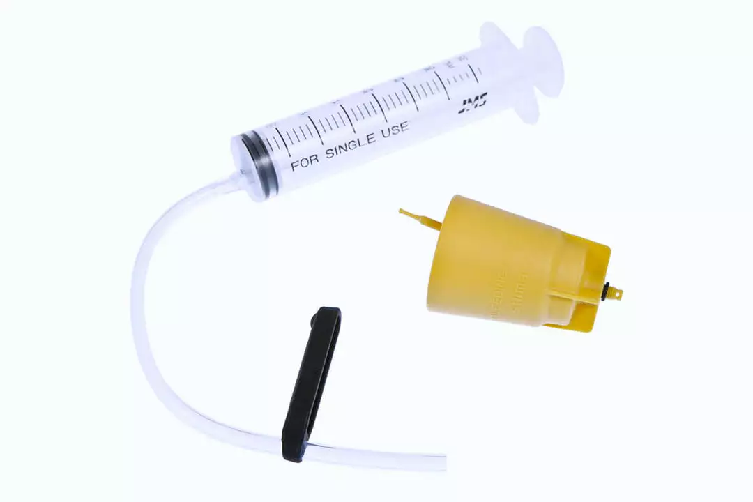 The kit includes an easy to use syringe and hose to draw the fluid through the caliper, a funnel to accurately fill the lever reservoir and a caliper attachment to keep the hose and syringe in place.
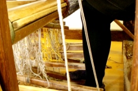 | このようにこの工房では全ての工程が手作業で行われています。私も体験させてもらいましたが、複雑な力仕事にアップアップでした。 美しく丁寧に織り上げられたストールは丈夫で末永くお使いいただけます。 |
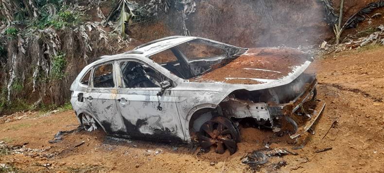 O veículo foi localizado incendiado na zona rural de Conceição em Carangola
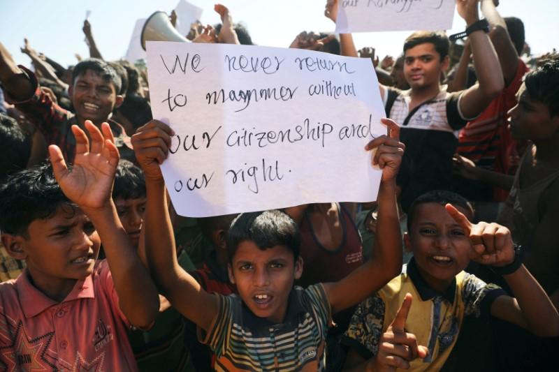 FILE PHOTO:A boy holds a placard as hundreds of Rohingya refugees protest against their repatriation at the Unchiprang camp in Teknaf, Bangladesh November 15, 2018. REUTERS/Mohammad Ponir Hossain
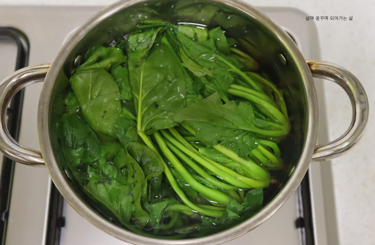 시금치는 살짝 데치기만 하면 됩니다.
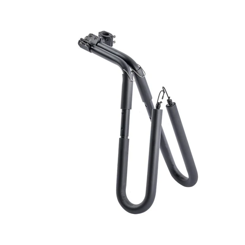 Uw surfboard, snowboard of ander lang voorwerp vervoert u in de toekomst emissievrij met deze lichtgewicht aluminium transportbeugels voor de fiets. Dit roestvrije product is eenvoudig te monteren aan de zadelpen met de bijgeleverde schroeven. De breedte van de draagarmen is instelbaar en door middel van een elastiek met haken is de surfplank, of ander lang voorwerp, eenvoudig vast te zetten.
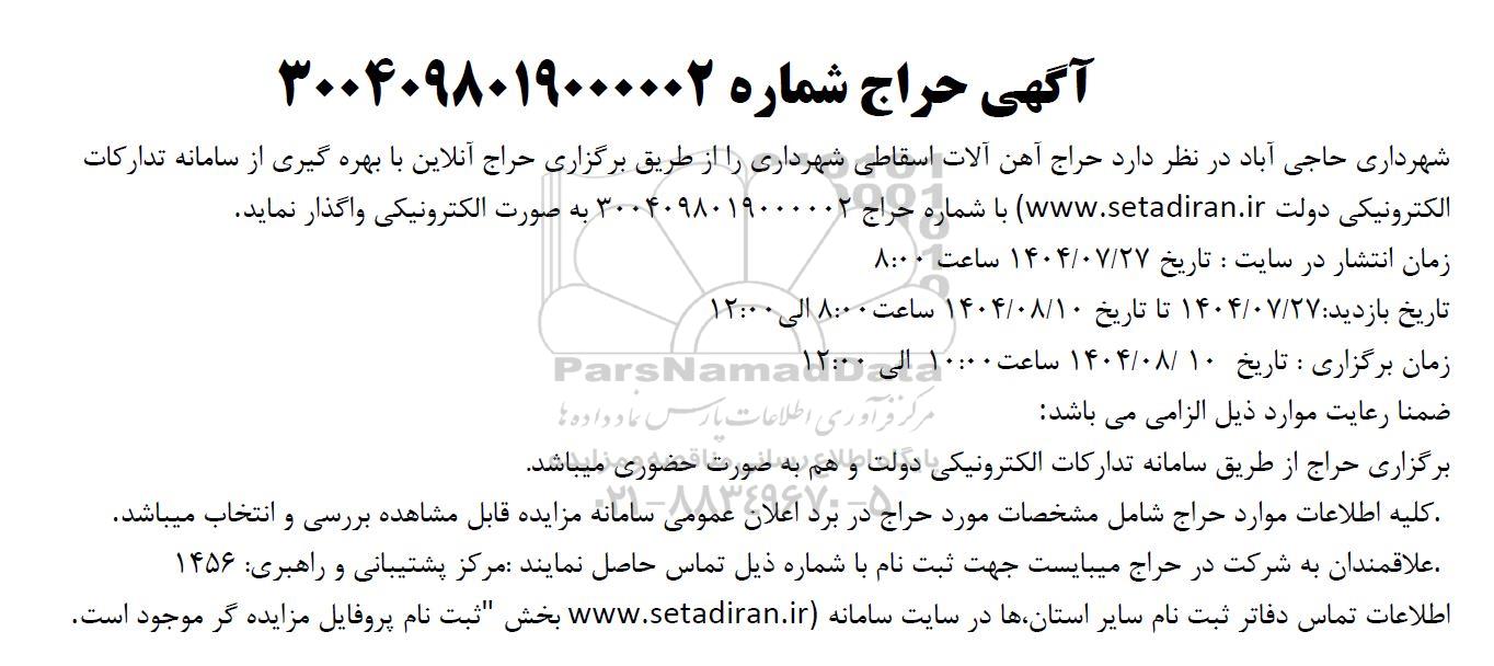 شهرداری حاجی آباد در نظر دارد حراج آهن آلات اسقاطی شهرداری را از طریق برگزاری حراج آنلاین با بهره گیری از سامانه تدارکات الکترونیکی دولت ستاد ایران با شماره حراج 3004098019000002 به صورت الکترونیکی واگذار نماید.
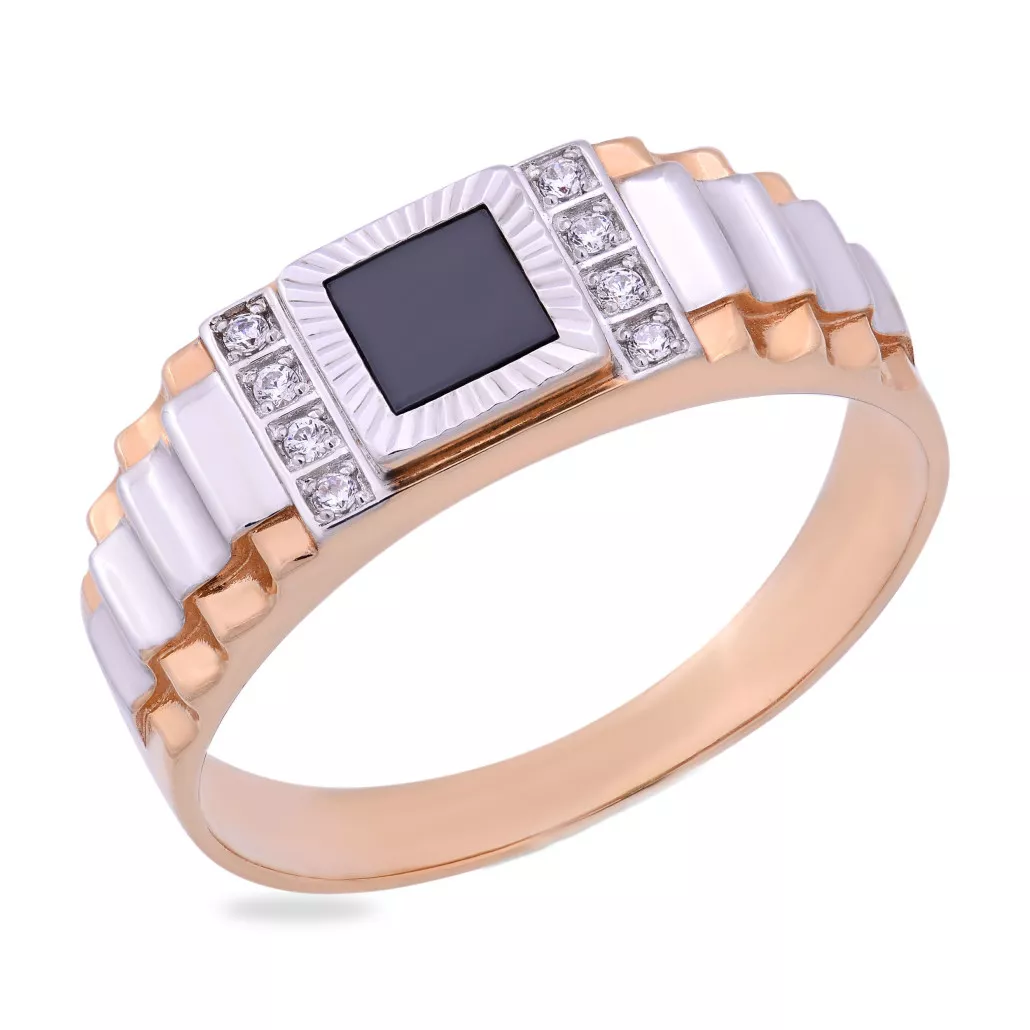 Кольцо-печатка с фианитом из золота Артикул: Т142642947

*****

• [WHAT TO WORK ON]
Return every entry above word for word, and include no images.

• [EXERCISE ANSWER]
 The kit includes an easy to use syringe and hose to draw the fluid through the caliper, a funnel to accurately fill the lever reservoir and a caliper attachment to keep the hose and syringe in place.
 | このようにこの工房では全ての工程が手作業で行われています。私も体験させてもらいましたが、複雑な力仕事にアップアップでした。 美しく丁寧に織り上げられたストールは丈夫で末永くお使いいただけます。 |
 O veículo foi localizado incendiado na zona rural de Conceição em Carangola
 FILE PHOTO:A boy holds a placard as hundreds of Rohingya refugees protest against their repatriation at the Unchiprang camp in Teknaf, Bangladesh November 15, 2018. REUTERS/Mohammad Ponir Hossain
 시금치는 살짝 데치기만 하면 됩니다.
 Uw surfboard, snowboard of ander lang voorwerp vervoert u in de toekomst emissievrij met deze lichtgewicht aluminium transportbeugels voor de fiets. Dit roestvrije product is eenvoudig te monteren aan de zadelpen met de bijgeleverde schroeven. De breedte van de draagarmen is instelbaar en door middel van een elastiek met haken is de surfplank, of ander lang voorwerp, eenvoudig vast te zetten.
 شهرداری حاجی آباد در نظر دارد حراج آهن آلات اسقاطی شهرداری را از طریق برگزاری حراج آنلاین با بهره گیری از سامانه تدارکات الکترونیکی دولت ستاد ایران با شماره حراج 3004098019000002 به صورت الکترونیکی واگذار نماید.
 Кольцо-печатка с фианитом из золота Артикул: Т142642947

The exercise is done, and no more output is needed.